- [What you should do] Write out the whole listing below exactly, skipping each picture.

- [Given information]
⁂

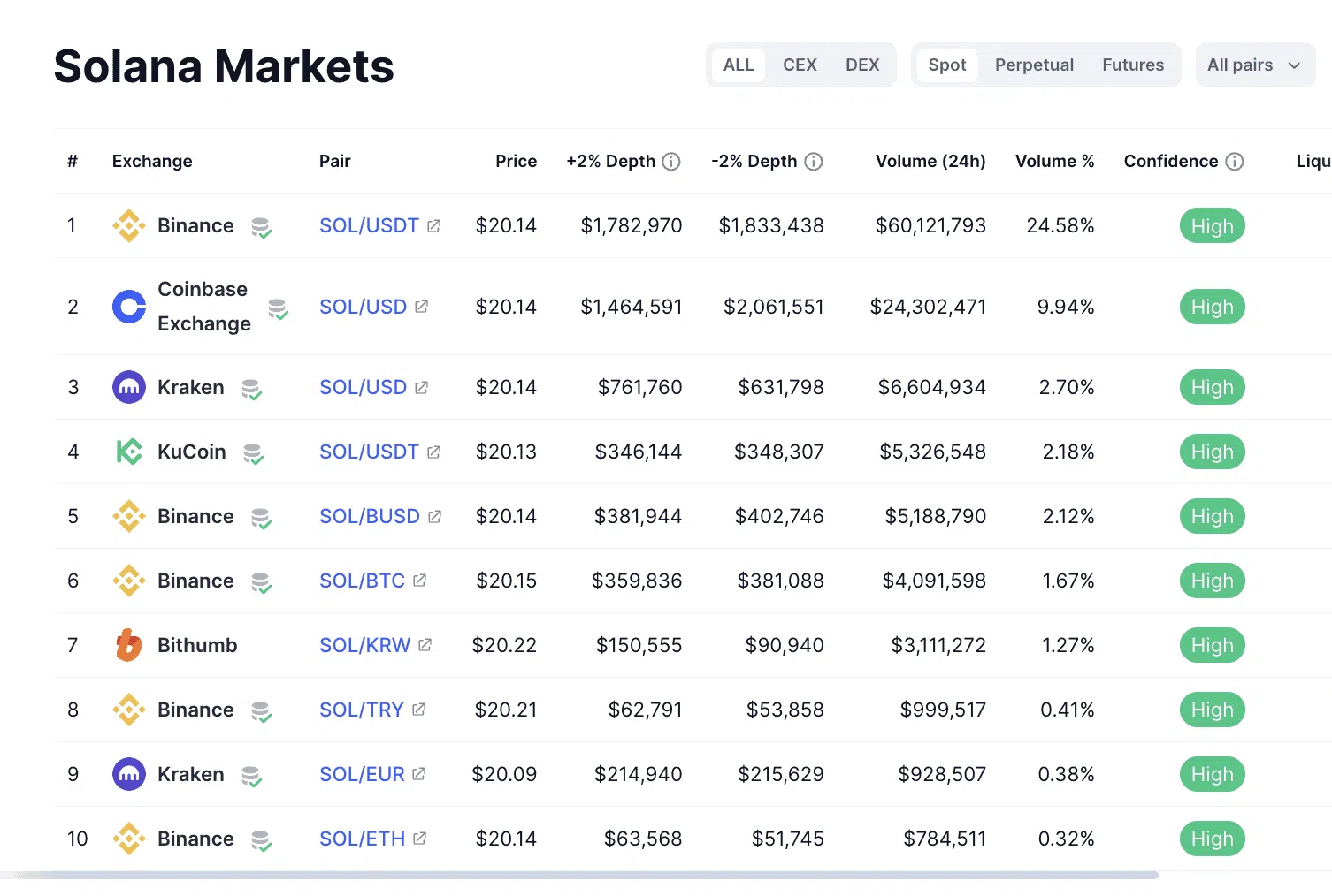 - ソラナ取引は、ほとんどの主要な暗号資産取引所で実行可能
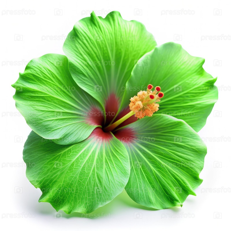 Вибрирующий зеленый цветок гибискуса показывает сложные детали на ярко-белом фоне
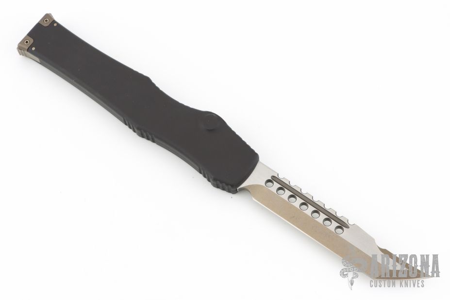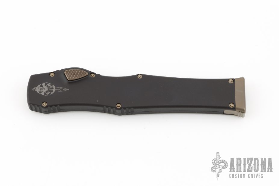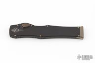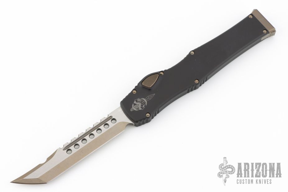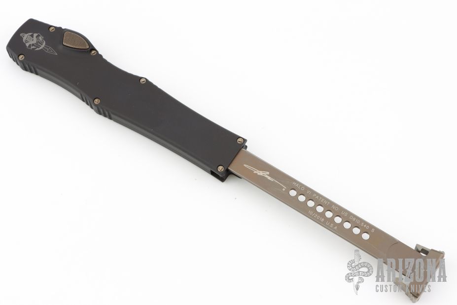 This Signature Series Halo VI features a bronzed Hellhound tanto blade with satin flats, fullers and notched spine. Its handle is made from black Mil-Spec anodized alloy with bronzed hardware. The charging handle comes marked with the Microtech logo and date of creation along with the serial number. Microtech's Halo VI sets itself apart from previous models with added safety features and an improved charging handle mechanism. . Its upgraded charging handle is built with dual pivoting latches that create a secure seal in the closed position. Comes with original box, kydex sheath and papers. Dated 10/2018. Excellent condition.
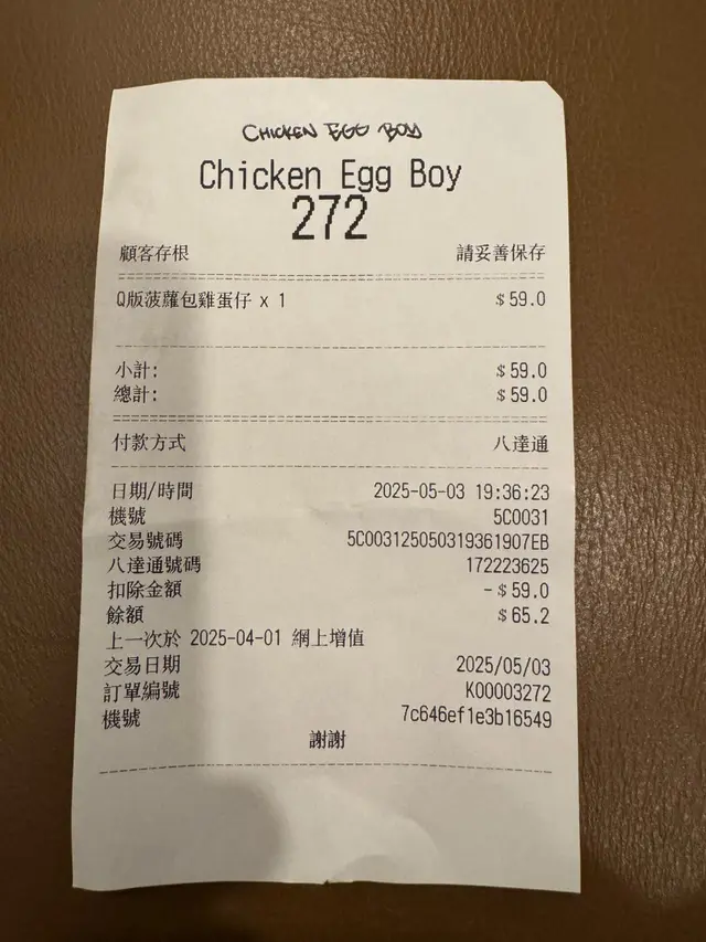 排隊30分鐘嘅雞蛋仔?究竟值唔值得呢? MoniqueheungLevel 32025-05-0938 views Follow 丫女近排表現乖 所以就獎勵佢 過黎食近期社交平台爆紅嘅Q版菠蘿包雞蛋仔 山長水遠去到 我緊係叫一底菠蘿包雞蛋仔+一底Hershey‘s朱古力雞蛋仔 我都未影完相打卡 佢已經急不及待放入口係咁食😆 菠蘿包雞蛋仔真係好可愛,表面脆卜卜內裡軟綿綿而Hershey‘s雞蛋仔入口就感受到香濃朱古力味 值唔值得? 見佢舉高大拇指就知道值得啦。 一路睇住佢嘅開放式廚房整 每一步都睇住特別安心 重要滿足埋視覺享受 小朋友一路睇住仲話想自己整😆 我都將個製作過程影咗幾張相俾大家一齊睇 你哋睇吓佢食得幾開心 食完第二日已經話要再去 😆 講句題外話 上網睇到佢係慈善基金運作 所有盈餘會作為慈善用途 又好味,又可以做善事 你哋又覺得值唔值得呢?The above review is the personal opinion of a user which does not represent OpenRice's point of view.1Share排隊30分鐘嘅雞蛋仔?究竟值唔值得呢? CHICKEN EGG BOY https://s.openrice.com/QrKT0NmvS00Report Post Ratings5Taste5Decor5Service5Hygiene4ValueDate of Visit2025-05-03Dining MethodDine InType of MealDinner

⁂

- [Problem solution]
 - ソラナ取引は、ほとんどの主要な暗号資産取引所で実行可能
 Вибрирующий зеленый цветок гибискуса показывает сложные детали на ярко-белом фоне
 This Signature Series Halo VI features a bronzed Hellhound tanto blade with satin flats, fullers and notched spine. Its handle is made from black Mil-Spec anodized alloy with bronzed hardware. The charging handle comes marked with the Microtech logo and date of creation along with the serial number. Microtech's Halo VI sets itself apart from previous models with added safety features and an improved charging handle mechanism. . Its upgraded charging handle is built with dual pivoting latches that create a secure seal in the closed position. Comes with original box, kydex sheath and papers. Dated 10/2018. Excellent condition.
 排隊30分鐘嘅雞蛋仔?究竟值唔值得呢? MoniqueheungLevel 32025-05-0938 views Follow 丫女近排表現乖 所以就獎勵佢 過黎食近期社交平台爆紅嘅Q版菠蘿包雞蛋仔 山長水遠去到 我緊係叫一底菠蘿包雞蛋仔+一底Hershey‘s朱古力雞蛋仔 我都未影完相打卡 佢已經急不及待放入口係咁食😆 菠蘿包雞蛋仔真係好可愛,表面脆卜卜內裡軟綿綿而Hershey‘s雞蛋仔入口就感受到香濃朱古力味 值唔值得? 見佢舉高大拇指就知道值得啦。 一路睇住佢嘅開放式廚房整 每一步都睇住特別安心 重要滿足埋視覺享受 小朋友一路睇住仲話想自己整😆 我都將個製作過程影咗幾張相俾大家一齊睇 你哋睇吓佢食得幾開心 食完第二日已經話要再去 😆 講句題外話 上網睇到佢係慈善基金運作 所有盈餘會作為慈善用途 又好味,又可以做善事 你哋又覺得值唔值得呢?The above review is the personal opinion of a user which does not represent OpenRice's point of view.1Share排隊30分鐘嘅雞蛋仔?究竟值唔值得呢? CHICKEN EGG BOY https://s.openrice.com/QrKT0NmvS00Report Post Ratings5Taste5Decor5Service5Hygiene4ValueDate of Visit2025-05-03Dining MethodDine InType of MealDinner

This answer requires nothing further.